The Heimchen are imagined to be the wailing souls of unbaptized children, accompanying Perchta as their leader, according to the lore of Thuringia, (Note: Bechstein, #168,) especially the Saalthal (valley of Saale) stretching from Bucha toWilhelmsdorf, including the mentioned below. (Note: Bechstein TS (1898) #229 describes the two doomed villages of Cosdorf und Rödern as being in the Saal river system corridor from Bucha to Wilhelmsdorf, but also identifies the villages as Orlagau villages.)

She is called Heimchenkönigin, i.e. Heimchen-Queen in one local tale. There is also a belief that a stridulating Heimchen or house cricket sits on the nose of Percht.

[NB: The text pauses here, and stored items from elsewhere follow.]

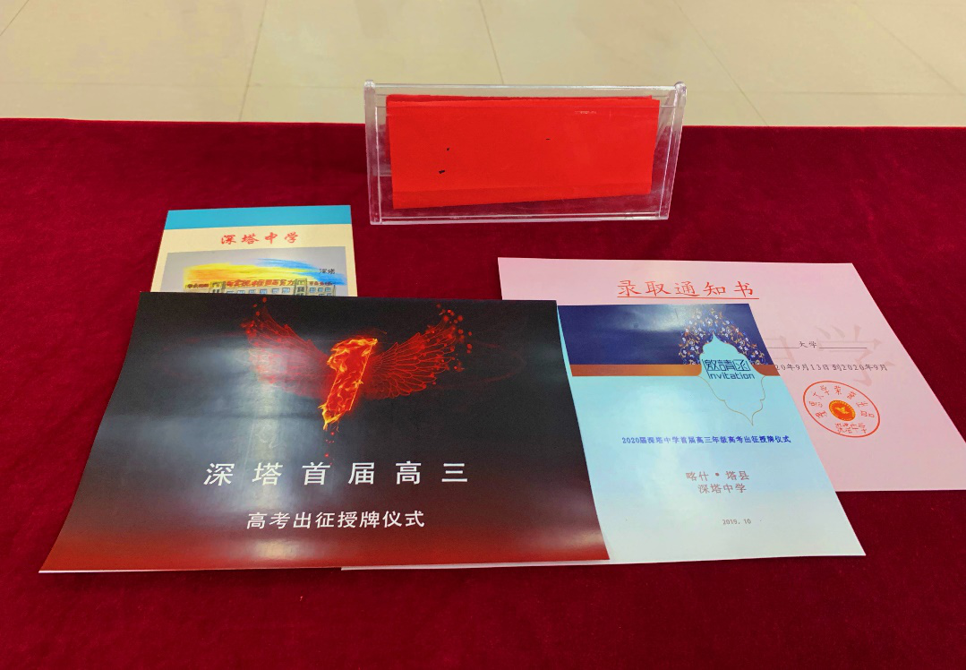 深圳特區(qū)報2019年10月10日訊 三載寒窗,千日苦練,千帆競渡,且看今朝。為了激發(fā)高三學子的拼搏精神,增強迎戰(zhàn)高考的信心,10月9日下午,深塔中學隆重舉辦了首屆高三高考出征授牌儀式。來自深圳援疆前指、喀什地區(qū)人民政府督導室、喀什第二中學、特區(qū)高級中學、喀什實驗中學、喀什第三中學、喀什第四中學、喀什第六中學的代表,深塔中學行政領導班子、高三全體教職工、部分家長代表參加了儀式。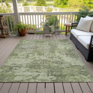 3′ X 5′ Artichoke Green And Ivory Abstract Washable Indoor Outdoor Area Rug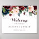 This watercolor illustrated fall wedding welcome sign is perfect for a simple wedding. The design features artistic hand-painted watercolor navy blue, burgundy, red, blush roses and peonies with elegant green leaves, inspiring the colorful idyllic autumn beauty.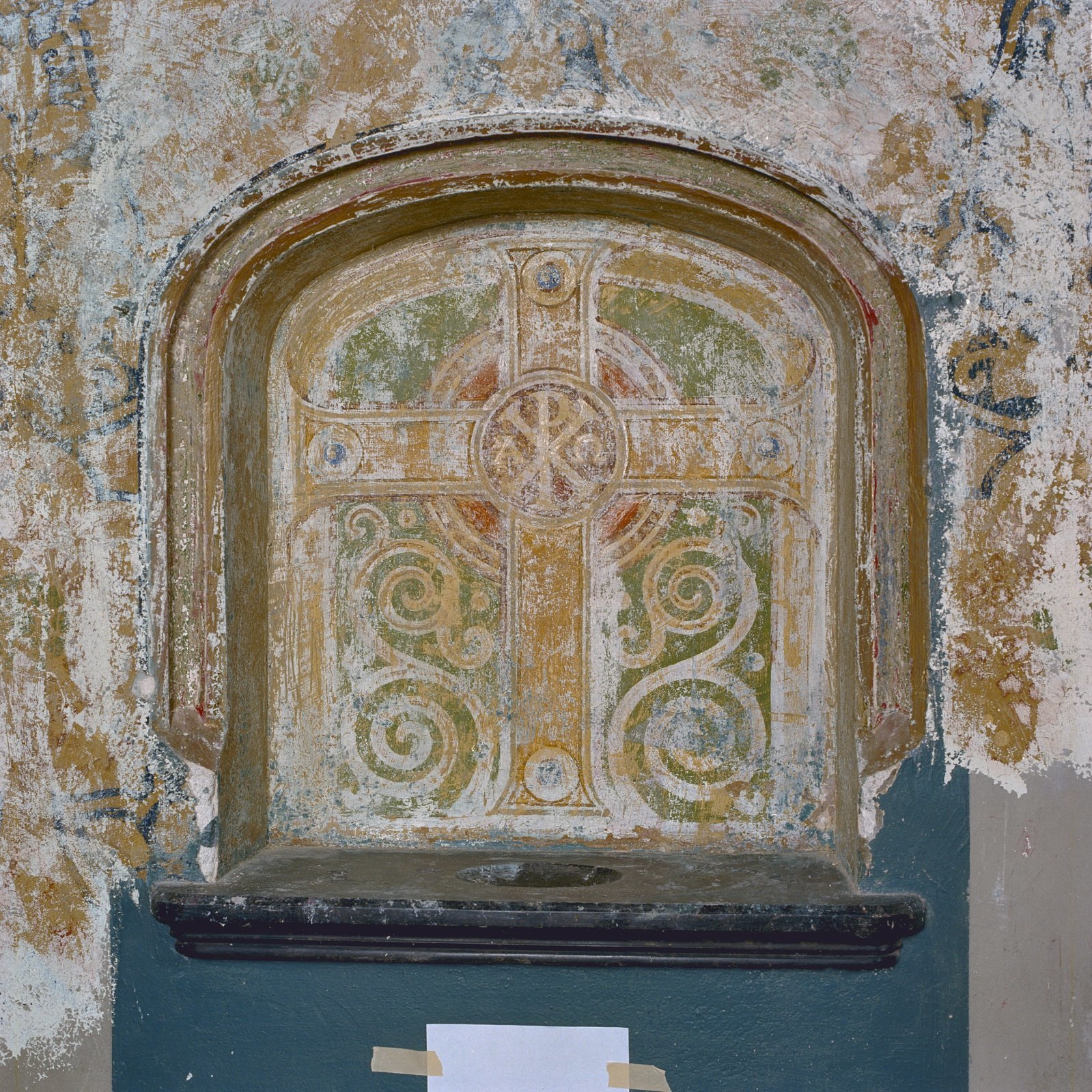 Interieur, detail van gewelfschildering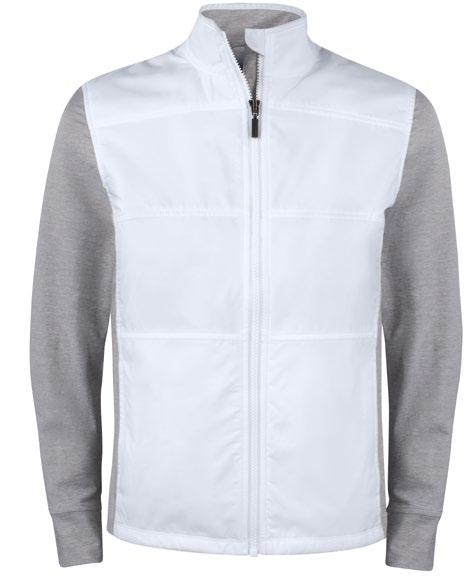 This jacket represents the future of sweatshirt-meets-outerwear and is the perfect crossing from sportswear to casual fashion. Breathable and moisture-wicking. Sleeves and back in a lightweight soft fabric incorporated into a woven west that protects you from light rains. Zip pockets at front.

In the Orlagau in Thuringia (Note: , the "basin of the Orla", a tributary of the Saale on its right bank.) the Heimchen, who are also called Heimele, Butzelmännchen (little bogeymen), and Erdmännele (earth manikins), are thought of as tiny earth spirits, as tall as a finger is long, who dwell in the mouse holes of houses. They regularly appear in the evening, dressed in white, of cheerful disposition, with hundreds of them dancing some round dance in the meadow. They indicate beforehand whether the house dwellers will meet good or bad luck and, if well taken care of, at times might also place gifts in front of their mouse hole in the morning. Those gifts are said to be delectable and very dainty, being found in small golden caskets. The friendly, childishly gay, playful little dwarves love to help humans unseen, be it that they tend to fields and cattle or keep watch on children whose parents are absent.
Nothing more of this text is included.